Further, a gear radius of the first gear member 403 is greater than a gear radius of the second gear member 404. The gear radius of the second gear member 404 is the same as a gear radius of the third gear member 405. Such configuration enables an operator to rotate the screw rod 50 by using the rotating arm 401 in a more labor-saving manner.

As shown in FIG. 4, it is a top view of the testing device 100 according to one embodiment of the present application. The gap between the pressing mechanism 20 and the first side of the box 10 is used to place the substrates 70 to be tested.

Specifically, the first side and the pressing mechanism 20 are provided with the first clamping mechanisms 205. Each of the first clamping mechanism 205 is arranged in parallel with the third support column 104, and the substrates 70 to be tested are fixed inside the box 10 by means of the first clamping mechanisms 205. Each substrate 70 to be tested has the same curvature and the same size.

As shown in FIG. 5, it is a schematic structural view showing a contact portion between the substrate 70 to be tested and the first clamping mechanism 205 in the testing device 100 according to one embodiment of the present application.

Each of the first clamping mechanisms 205 comprises a first clamping member 2051 and a second clamping member 2052 disposed opposite to the first clamping member 2051. Each first clamping member 2051 is located on the first side of the box 10, each second clamping member 2052 is located on the pressing mechanism 20, and each first clamping member 2051 is used to hold a first end of one of the substrates 70 to be tested.
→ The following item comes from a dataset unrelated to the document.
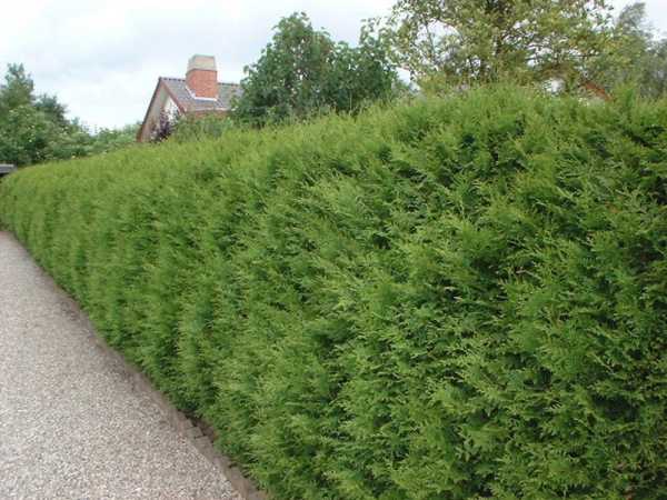 Это растение относится к семейству кипарисовых. Изгородь из туи может вырасти до 20 м высотой. Растение хорошо переносит стрижку, из нее можно вырезать садовые фигуры. Кроме того, туя наполняет воздух полезными фитонцидами.

Each second clamping member 2052 is used to hold a second end of one of the substrates 70 to be tested.

As shown in FIG. 6, it is an enlarged view of part A in FIG. 5. The first clamping member 2051 is an L-shaped curved side clip, and a convex direction of a curved surface of the L-shaped curved side clip is opposite to a bending direction of the substrate 70 to be tested.

Such configuration can effectively reduce a contact surface stress between the first clamping member 2051 and the substrate 70 to be tested.

Preferably, each second clamping member 2052 is an L-shaped curved side clip.

Further, a curvature of the curved surface of the L-shaped curved side clip is much greater than a curvature of the substrate 70 to be tested. Such configuration can prevent one end of the substrate 70 contacting the L-shaped curved side clamp from detaching due to excessive bending angles.

According to the foregoing embodiments of the present application, the testing principles of the testing device 100 of the present application are as follows:

First, the substrates 70 with the same curvature and the same size are provided. Then, an operator rotates the rotating shaft 402 through the rotating arm 401, and the rotating shaft 402 drives the first gear member 403 to rotate in a first direction (at this point, the pressing mechanism 20 moves in a direction toward the third support column 104). The first gear member 403 simultaneously drives the second gear member 404 to rotate in a second direction opposite to the first direction by means of the chain 406. The second gear member 404 drives the third gear member 405 to rotate in the first direction by means of the chain 406. Since the third gear member 405 is fixedly connected to the screw rod 50, rotation of the third gear member 405 drives the screw rod 50 to rotate, and the rotation of the screw rod 50 drives the fourth clamping mechanism 202 to slide on the first threaded portion of the screw rod 50. The fourth clamping mechanism 202 slides and drives the second clamping mechanism 201 to slide in the same direction on the sliding rail, and at the same time drives the third clamping mechanism 203 to slide in the same direction on the pad 1021.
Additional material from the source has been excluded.